Tesla (TSLA) Wants to Become an Electricity Retailer

Last week, Tesla Energy Ventures, a new subsidiary of electric car maker Tesla Inc. (TSLA), filed an application to become a retail electricity provider in the state of Texas. According to reports, the company plans to sell electricity drawn from the grid to customers and from its battery storage products. Its grid transaction software may also enable customers for its solar panels to sell excess electricity back to the grid.

For those who have been following Tesla’s fortunes in the electric car industry, the Palo Alto, California-based company’s filing may seem baffling. But the move dovetails with Tesla’s overall ambitions for its renewable energy business.

Key Takeaways

  • Tesla filed an application to become a retail electricity provider in Texas last week.
  • The company’s move could boost the bottom line for its fledgling energy subsidiary.
  • It will also provide cheap and accessible power to the company’s manufacturing facility in Austin.

Why Does Tesla Want to Become an Electricity Provider?

The simple answer to that question is that Tesla already manufactures devices that produce and store power. Examples of such devices are its electric cars, which come equipped with lithium ion batteries, and its suite of battery storage products for homes and enterprises. Selling power generated from these devices to consumers or to the grid is a logical next step.

Tesla’s move will benefit its operations. The filing states that it plans to build a massive battery storage plant near its manufacturing facility in Austin. The plant will provide the company with a ready and cheap source of power to make its cars.

Tesla’s filing should also be analyzed in the context of the Texas grid. The state’s electricity market is fully deregulated and generated about a quarter of its overall power from wind and solar in 2020. The Biden administration’s aggressive push toward clean energy is only expected to increase that share.

After a February fiasco in the state grid resulted in a shutdown of renewable energy sources and skyrocketing natural gas prices, Texas committed to boosting the role of battery storage in its grid. The Electricity Reliability Council of Texas (ERCOT), the state’s grid operator, has said it plans to install 3,008 MW of battery storage by the end of 2022, a steep increase from the 225 MW generated at the end of 2020. ERCOT’s proposed increase in installation represents a massive market for Tesla’s battery unit.

Tesla already has considerable experience in this arena. It has built battery storage plants in California and Australia and is building a massive battery storage unit in Houston, according to a June Bloomberg report. The unit is expected to service wholesale power producers. Besides this, the company plans to “drum up” business among existing customers for its batteries through an app and a website that will allow them to buy and sell power among themselves.

Tesla Energy Ventures: A Future Profit Center?

Tesla’s foray into becoming a retail electricity provider could boost the top line for its energy services business. In its last reported quarter, the company stated that its energy generation and storage business brought in $810 million in revenues.

Analysts have forecast a positive future for its battery storage business.
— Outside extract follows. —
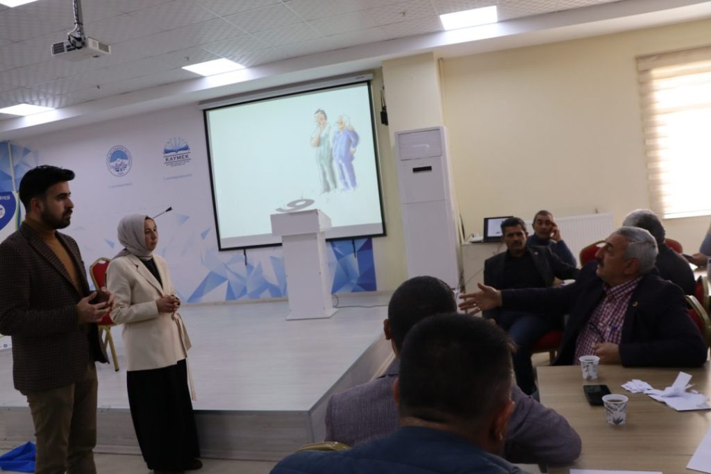 Kayseri Mesleki Eğitim ve Kültür A.Ş.’nin (KAYMEK) Huzur Çınarı Aile Danışmanlık ve Rehberlik Merkezi birimi uzmanları, yürütülen eğitimlerde muhtarlarla buluşuyor.
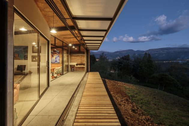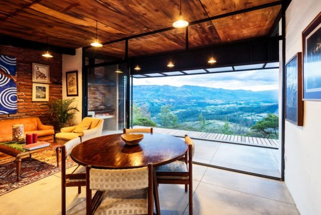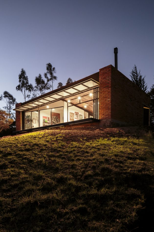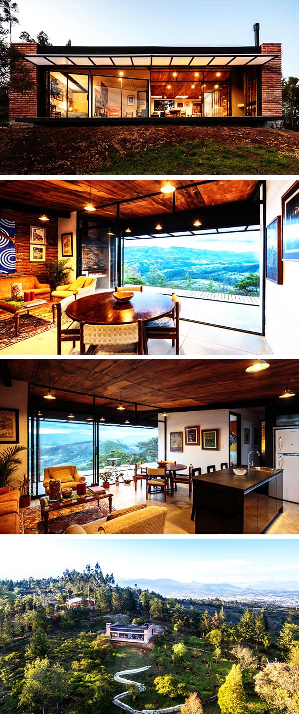 The El Guarango House is built right into a hillside in Quito, Ecuador. This 1,162 square feet weekend home is designed by Bernardo Bustamante to integrate modern living into a peaceful, rural setting. The modern home nestles into its surroundings, sitting alone on top of a hill, offering spectacular views of the growing urban area below and the valley into the distance.

Alex Potter from research firm Piper Sandler wrote last year that battery storage could bring in more than $200 billion per year in revenue and grow up to a third of the company’s overall business.

Immediately after the news was released, Morningstar analyst Travis Miller wrote that Tesla does not represent an immediate threat to other major players in Texas’s retail market, such as NRG Energy, Inc. (NRG) and Vistra Corp. (VST). According to him, the company will initially target its own customers to “complement” its offerings in electric cars, battery, charging, and solar panels.

Further down the line, however, Tesla’s brand name and resources may work to its advantage. “Tesla’s brand name recognition gives it an advantage in a hypercompetitive market,” Miller wrote, adding that the car company’s entry confirmed the firm’s view that consumer technology or telecom companies will try to enter retail energy markets.